5. When it comes to true teamwork, the old saying, “The whole is greater than the sum of its parts,” definitely applies. Keith Richards cites example after example of how the Stones were at their best when they worked together and fed off each other’s energy. Neither Mick Jagger nor Keith Richards ever matched the success of the Rolling Stones when they tried to embark on solo careers, while some of their greatest hits were truly collaborative efforts that neither star could have pulled off working alone.
6. Focusing on ambitious goals can help people rise above the petty stuff. Time and again, members of the Rolling Stones would swallow their pride (albeit not easily sometimes) or give in on an issue in order to focus on the overall success of the band. For example, Richards recounts how Mick Jagger overlooked the inclusion of a saxophone player on a tour that he wasn’t personally very fond of (to put it mildly) because he knew that, despite his personal feelings, he was the best sax player they could have used to create the best possible music.
7. Einstein once said, “Genius is 99% perspiration and 1% inspiration.” The first song Richards and Jagger wrote together happened after their producer confined them to a house and ordered them not to come out until a song was done! A lot of creativity is really just about rolling up your sleeves and pushing through.
8. When inspiration doesn’t come to you, meet it half way. After Jagger and Richards hit a creative roadblock trying to write one last song for an album, they tore up a bunch of newspaper headlines and pages from books, threw them on the floor and looked for a little inspiration from the jumble of words on the floor. And it worked, resulting in the song, “Casino Boogie.”
9. Authenticity and instincts matter. Richards, at one point in their tumultuous relationship, accuses Mick Jagger of doing what a lot of entrepreneurs do: forgetting what brought them success in the first place and focusing too much on the competition, rather than trusting your instincts and focusing on what you do best.
10. Creativity is messy.
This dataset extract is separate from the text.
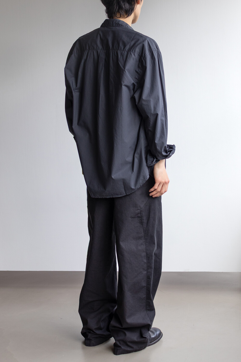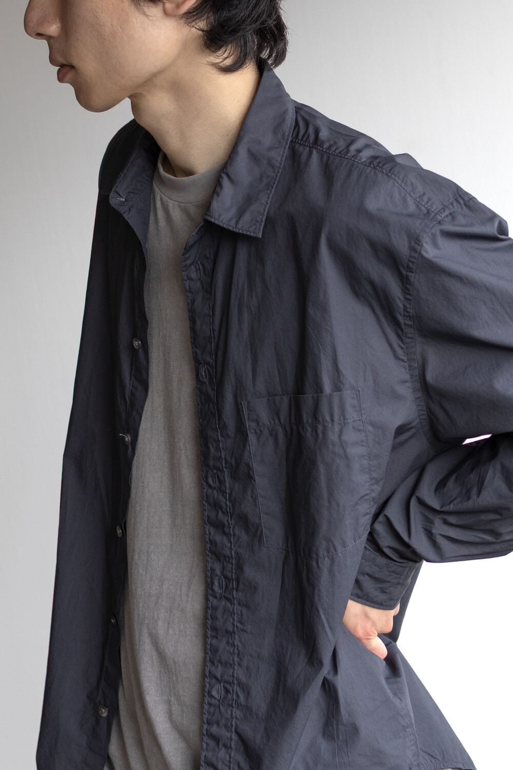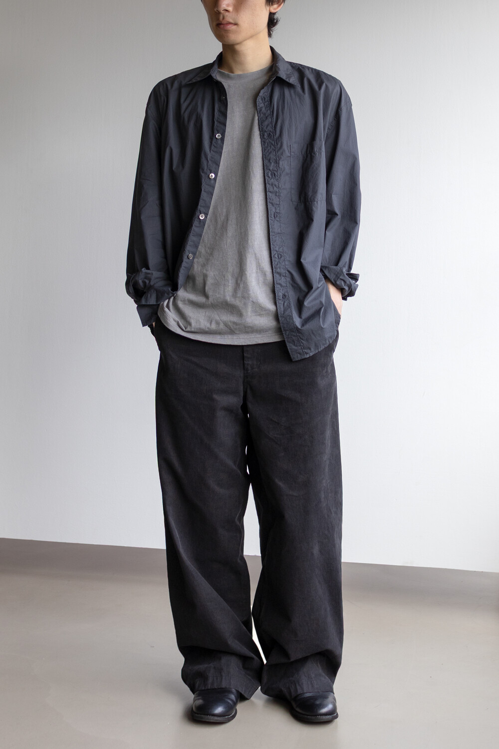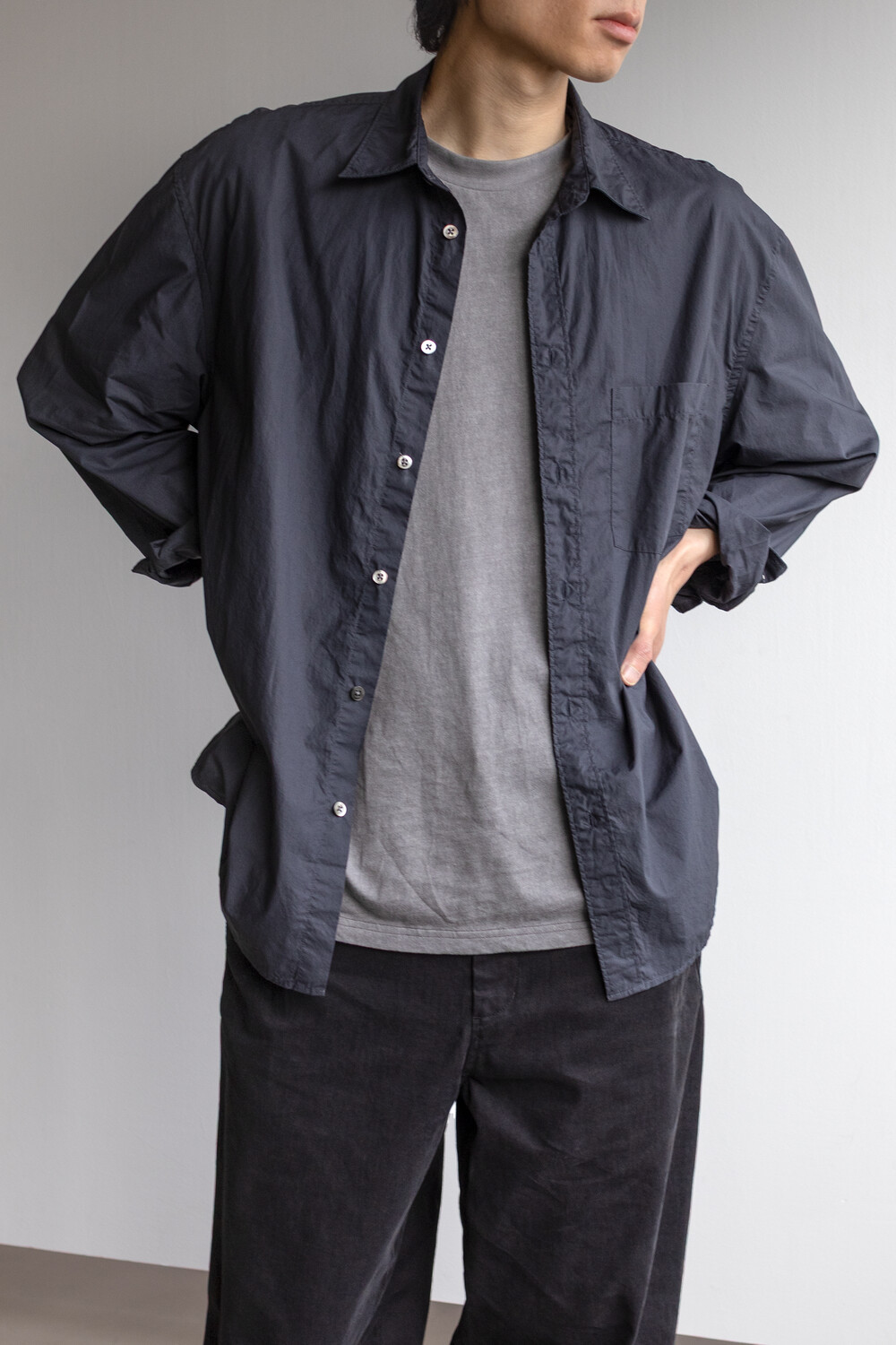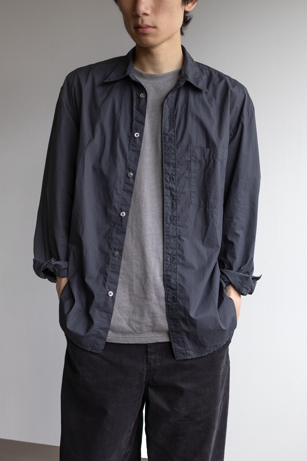 - 앞섬과 넥 카라 단에 비접착 심지를 사용. 봉제 완성 후 두 차례 고낙의 레시피로 후가공하여 앞섬과 넥-카라, 봉제 부위에 자연스러운 퍼커링이 형성되는 동시에 부드럽고 터치와 함께 감기는 실루엣입니다.

It’s about playing with ideas and mucking around until you find something that works. The mega-hit “Start Me Up” is a classic example of a song that took years, and a lot of muckin’ about, for the Stones to get right.
11. “The show must go on!”. It’s an old show biz saw, but one that’s definitely accurate in the case of the Rolling Stones and any successful business. The Rolling Stones played through a monsoon in Bangalore, a heat wave in Milan, and freezing cold venues where Richards had to warm up his fingers with heat bags between sets. During one show with a big pyrotechnics kickoff, a lump of white phosphorous landed on Richards’s finger. He soldiered on through “Start Me Up” while watching his finger burn through to the bone. Chances are your business doesn’t deal in pyrotechnical displays, but it does deal with constant unforeseen circumstances and changes that will demand that your particular show go on regardless of unforeseen events.
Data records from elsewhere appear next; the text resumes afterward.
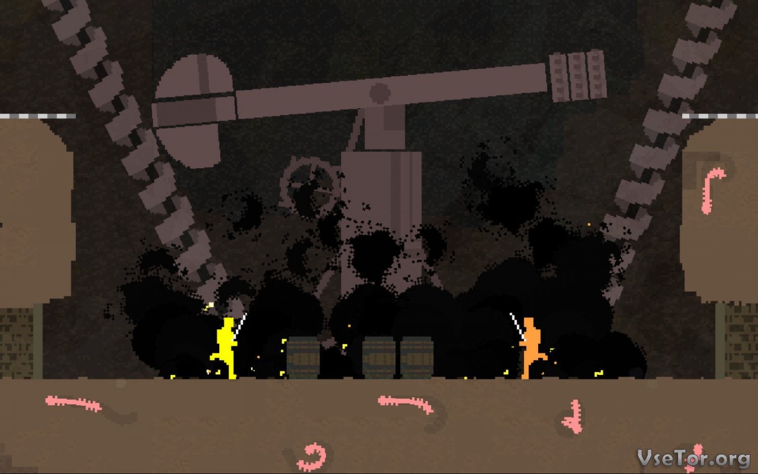 Nidhogg – это крутой спарринг-экшен, в котором игрокам предлагается схлестнуться в фехтовальных битвах с противником и попытаться добежать до финального экрана, убивая попутно возрождающегося врага…
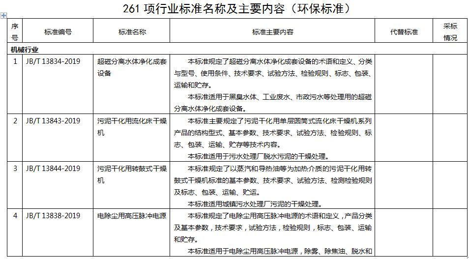 261項行業(yè)標(biāo)準(zhǔn)報批公示
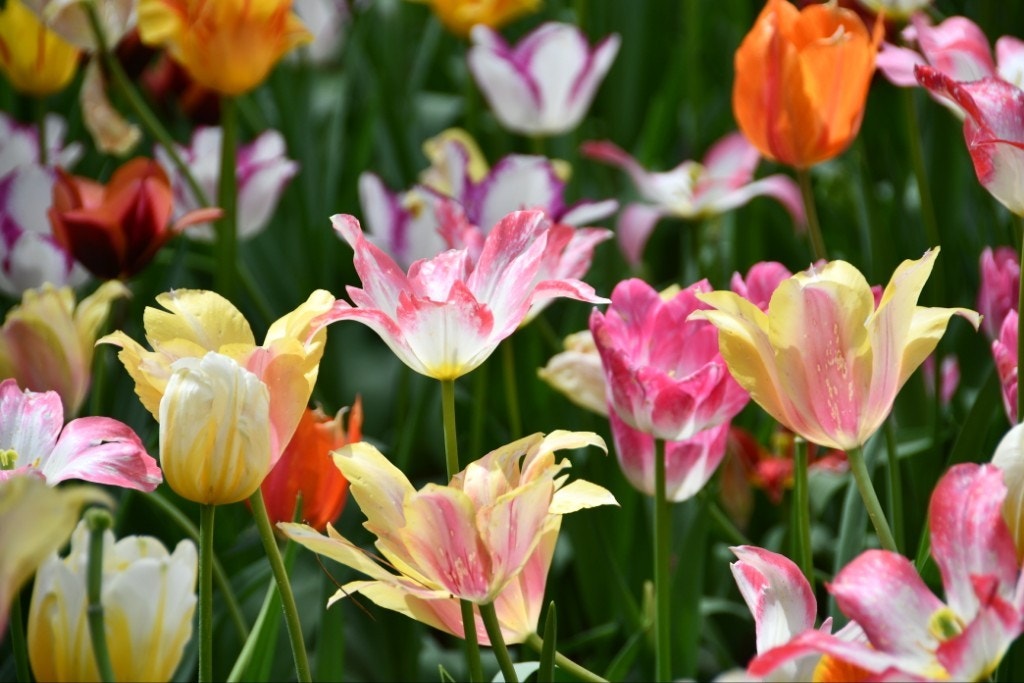沢山な品種のチューリップが並んでいて、とても珍しい見たことないカタチのチューリップまで!
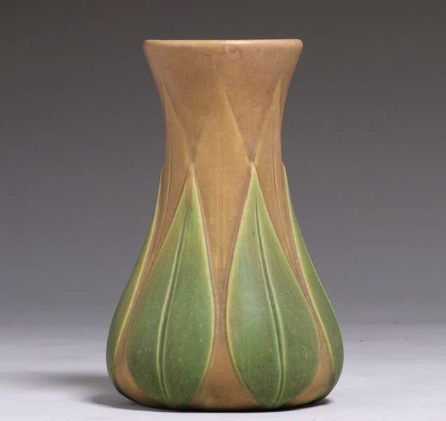 Large Roseville Early Velmoss flared vase. Unsigned. Invisible professional restoration to tight hairline, otherwise perfect condition. 11.75"h x 7"d SOLD
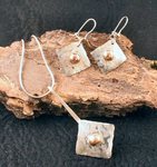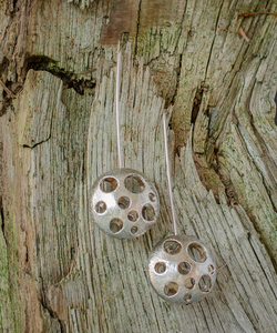 2010oorhangers van gehamerd zilver met bronzen bolletje. ook verkrijgbaar als hanger
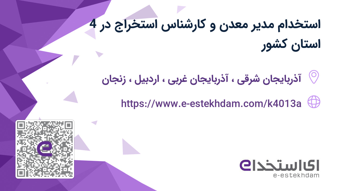 یک شرکت فعال و معتبر در حوزه اکتشاف، استخراج و فرآوری مواد معدنی فلزی و غیرفلزی جهت تکمیل کادر خود در استان های آذربایجان شرقی، آذربایجان غربی، اردبیل و زنجان از افراد واجد شرایط زیر دعوت به همکاری مینماید.
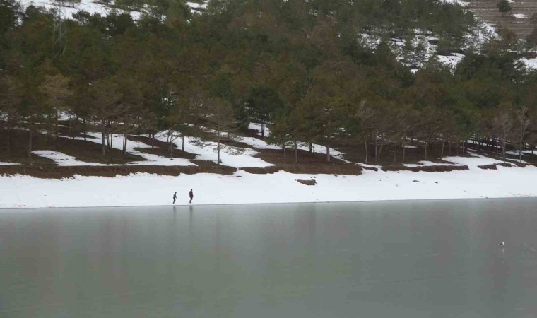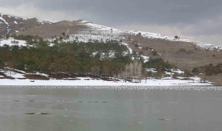 Van’ın merkez İpekyolu ilçesi sınırında yer alan Sıhke Gölü’nün yüzeyi, dondurucu soğuklardan dolayı buzla kaplandı.
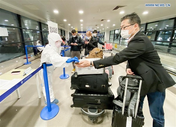 A staff member checks the information of a passenger entering China at the Pudong International Airport in Shanghai, March 19, 2020. [Photo/Xinhua]
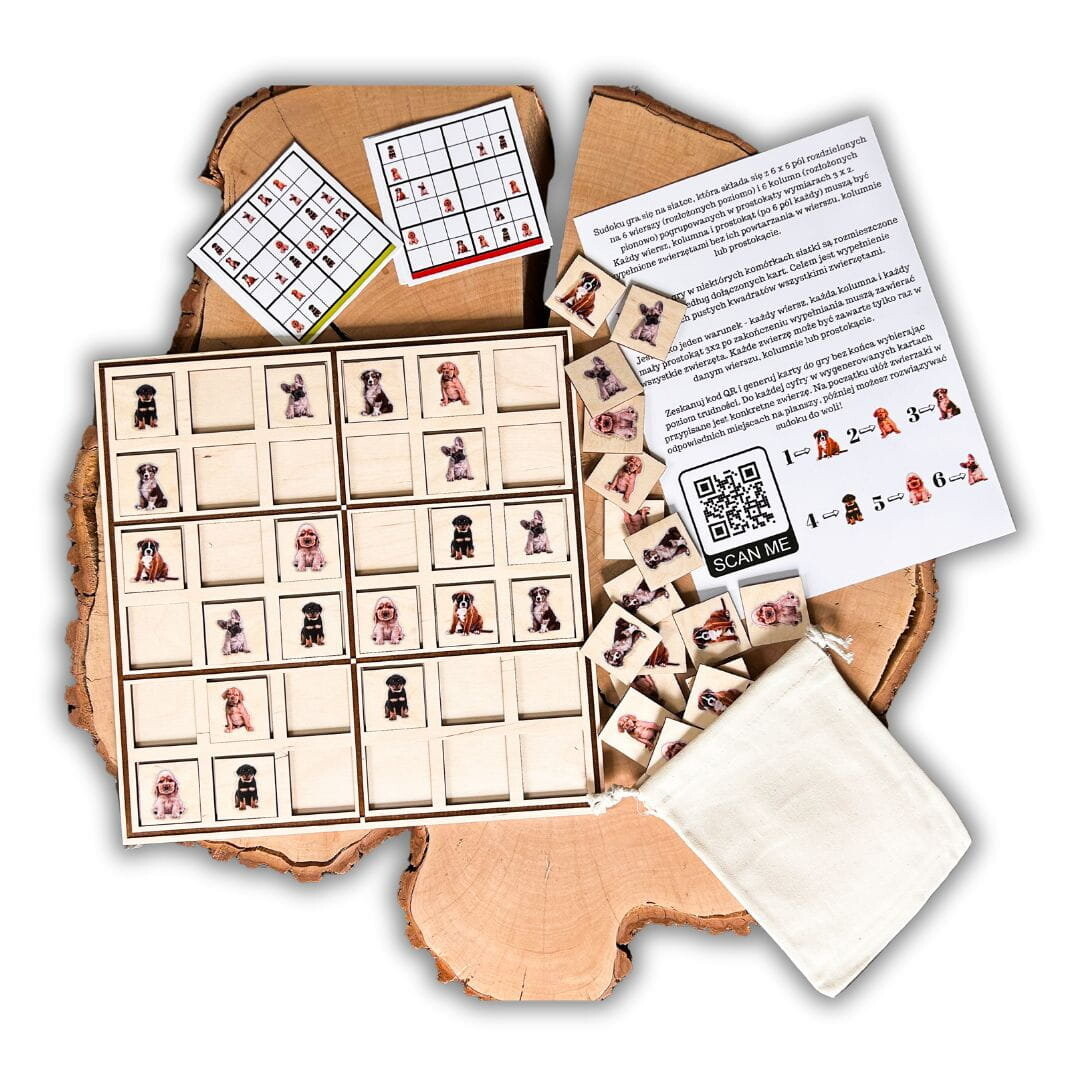 Мы представляем уникальную деревянную игру-судоку, в которой традиционные цифры заменены очаровательными изображениями собак! Эта инновационная обучающая игра идеально подходит как для детей, так и для взрослых. Она предлагает увлекательное развлечение, развивающее навыки логического мышления.
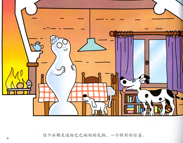《巴巴伯的冰雕不见了》讲述巴巴爸爸一家去山上度假,巴巴伯想给巴巴妈妈做一个冰雕,可是做好的冰雕不见了,究竟是怎么回事儿呢?通过故事给孩子们讲水的不同形态,随着周围温度的变化,水可以变成冰、雪或者冰雹,也可以变成水蒸汽的科学小知识。
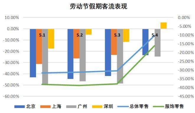 與去年5月相比,總體客流回歸了80%左右,降幅比4月同比收窄了約10個百分點,5月零售市場活力有所增強(qiáng)。

12. No matter how many times you have to say or do something, from your customers’ perspective, it’s their first time! Richards describes how, no matter how often he’s playing the same song for a crowd, he feeds off the energy of the audience and understands that for the listeners, it’s their first experience in that moment.
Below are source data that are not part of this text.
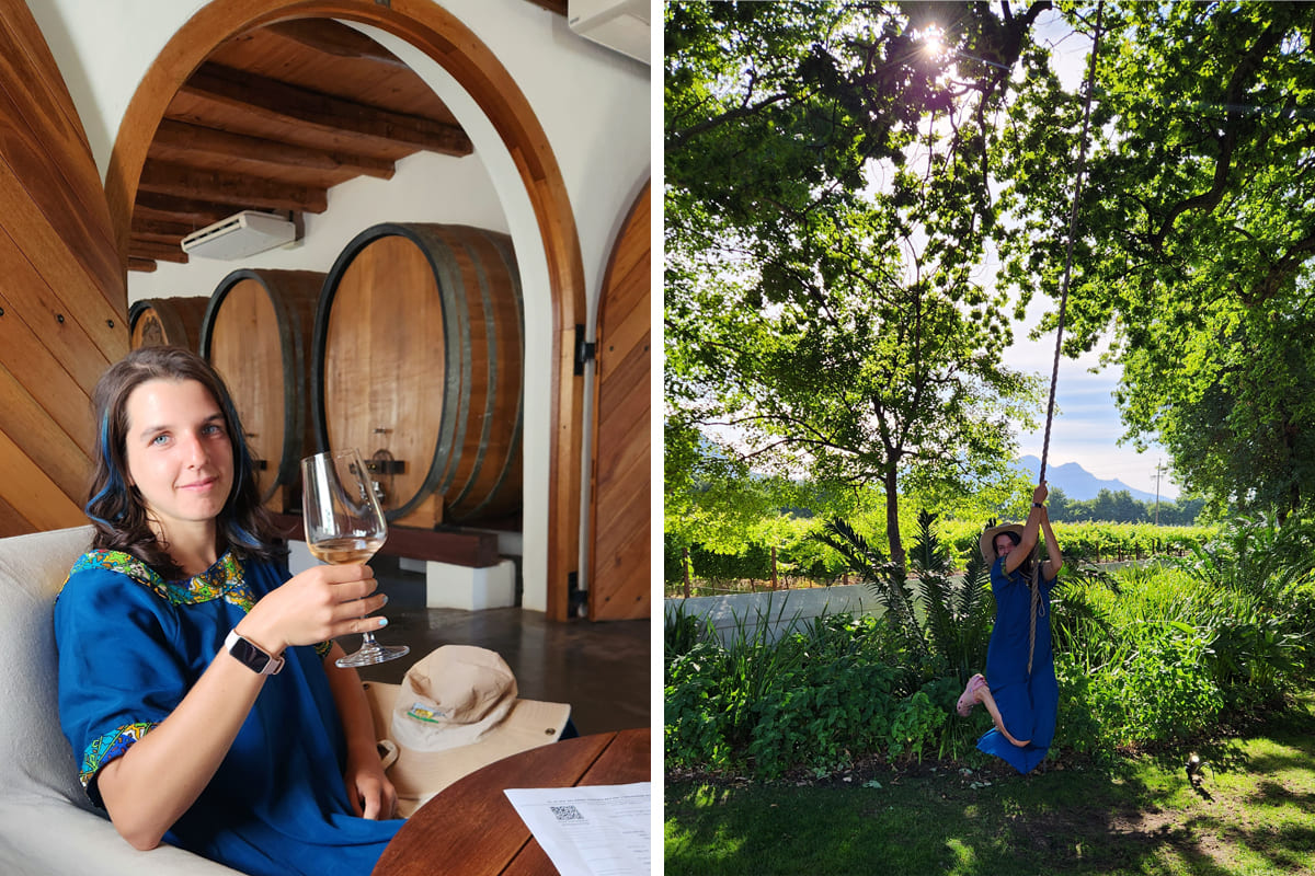 На всех винодельнях есть wine tasting — дегустация. За 90 рэндов (500 рублей) можно попробовать 4–6 бокалов разного вина на выбор, о каждом подробно рассказывает сомелье. Ещё у многих виноделен красивая территория, по которой можно свободно гулять. Учтите, что почти все винодельни закрываются до 17–18 часов.
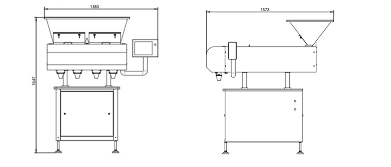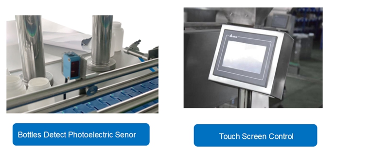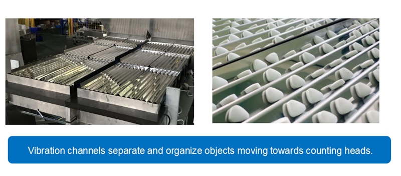 The bottle blocking device on the conveyor belt blocks the transferred bottle at the bottling position, waiting for filling. The material falls into the counting device in an orderly manner through the vibration of the feeding corrugated plate, and is counted by the photoelectric counting sensor and then loaded into the bottle at the bottling position.
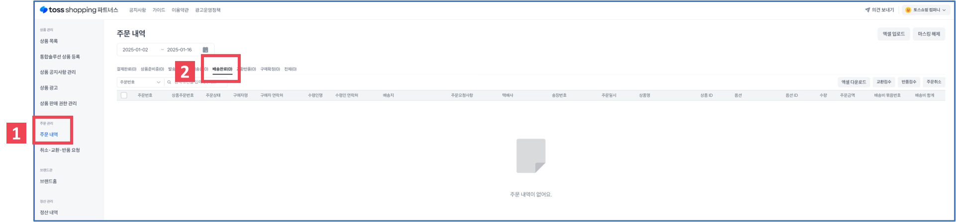 경로 : 토스쇼핑 파트너스 → 주문관리 → 주문내역 → [배송완료]
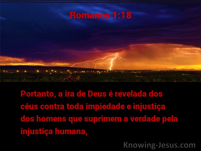 Portanto, a ira de Deus é revelada dos céus contra toda impiedade e injustiça dos homens que suprimem a verdade pela injustiça humana, pois o que de Deus se pode conhecer é evidente entre eles, porque o próprio Deus lhes manifestou. Pois desde a criação do mundo os atributos invisíveis de Deus, seu eterno poder e sua natureza divina, têm sido observados claramente, podendo ser compreendidos por intermédio de tudo o que foi criado, de maneira que tais pessoas são indesculpáveis;

13. Successful people seek out other successful people. Even in his later years, Richards loves playing with, and being challenged by, some of the greatest musicians of our time. Richards thrives in being tossed into situations where he is expected to be at his absolute best and pushed to the brink. Great leaders and great entrepreneurs surround themselves with people who push them to be at their best.
14. Teamwork is often about adjusting to each other people’s rhythms. When the Rolling Stones play, they are constantly adjusting their individual performances based on what everyone else is doing, in order to create the best possible result as a team.
And if great teamwork isn’t that, then I don’t know what is!